La máscara de agua (masajes chinos)


Pasan los días y el teléfono no sonaba ni por error, así que abrí la puerta, salí de casa y entré en la calle, por decirlo de alguna manera, sin pensármelo dos veces. Di vueltas por el mundo, es decir, vagabundeé por avenidas y callejones y ni siquiera me sorprendí cuando tuve la impresión de que le gente me miraba y se reía de mí. "Fumo demasiado", deduje. "Demasiados canutos al día. Me estoy volviendo majareta."
En el metro todavía fue peor. Los viajeros deambulaban con su traje de buzo murmurando que Toulouse-Lautrec es un enano y un renacuajo. ¿Por qué Toulouse-Lautrec y no Javier Bardem, por mencionar a alguien, que está más de moda? La perplejidad iba transformando lentamente mi rostro en una máscara de agua. A falta de mejor explicación, interpreté mi metamorfosis como un acto de rebeldía. ¿No fue el poeta Paul Éluard quien dijo que “el lirismo es la máxima expresión de una protesta”? "Pues sí. Vale. Lo que tú digas.
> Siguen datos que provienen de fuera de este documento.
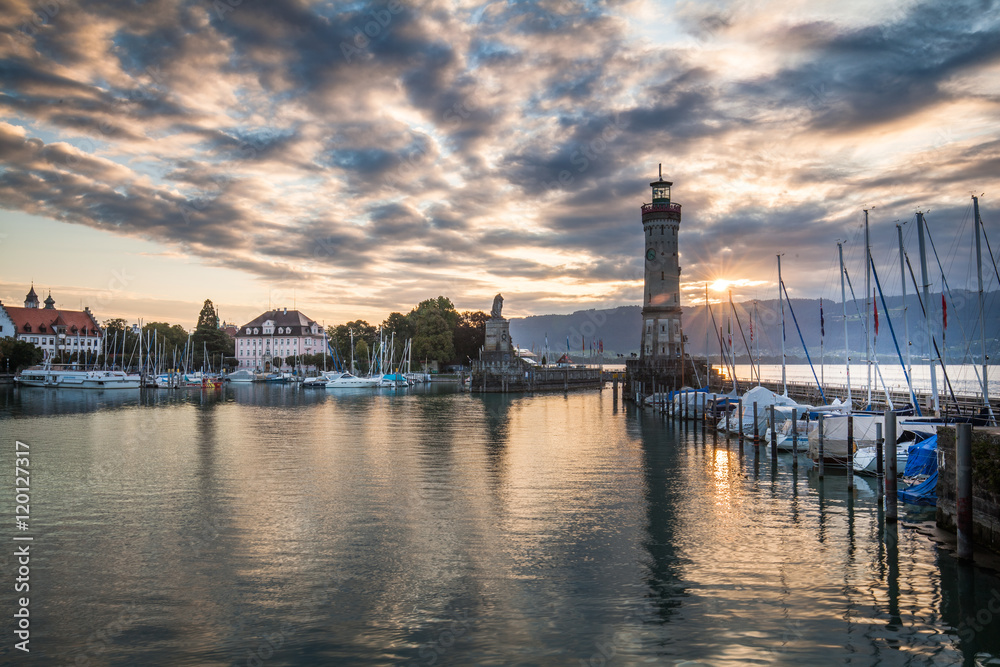 LINDAU, GERMANY - Lighthouse at port of Lindau harbour, Lake Constance, Bavaria

Cuéntame otra, que ya le voy cogiendo el hilo." Aquí, el tiempo de detuvo un buen rato.
Estaba a punto de “salvar” el día, que ya es mucho decir, pero tuve la mala suerte de pasar por mi peluquería (antes tenía la de Enrique, pero los invasores la han convertido… ¡en un establecimiento de masajes chinos!) y junté la mala suerte con la mala idea de entrar en el local (o de salir de la calle, que para el caso era lo mismo) y permitir que Gonzalo me diera un repaso a mi menguada cabellera, negándose en redondo a recortarme la papada.
- Cerramos a las ocho – dijo con la crueldad de un funcionario de prisiones.
Entonces, mientras me seccionaba, con su puntería y sutileza habitual, los pelitos de la nariz, tuvo la mala ocurrencia de mencionar que el año pasado se había corrido la maratón de Nueva York.
¡Maldición!
Fue como un disparo en la sien, pero sin suicidio. Tranquilos: morir no es contagioso. La derrota sí. Me sentí tan viejo y tullido que mi mascara de agua se deshizo como un helado en un quiosco de bebidas subsahariano, quedándome con mi patibulario, amargo y reseco rostro de siempre. Como si quisiera protegerme del cielo que se derrumbaba encima de mí a pedradas, a duras penas llegué a casa, a rastras y con la triste máscara de la derrota pegada a mi cara, pidiendo a gritos un masaje… ¡chino!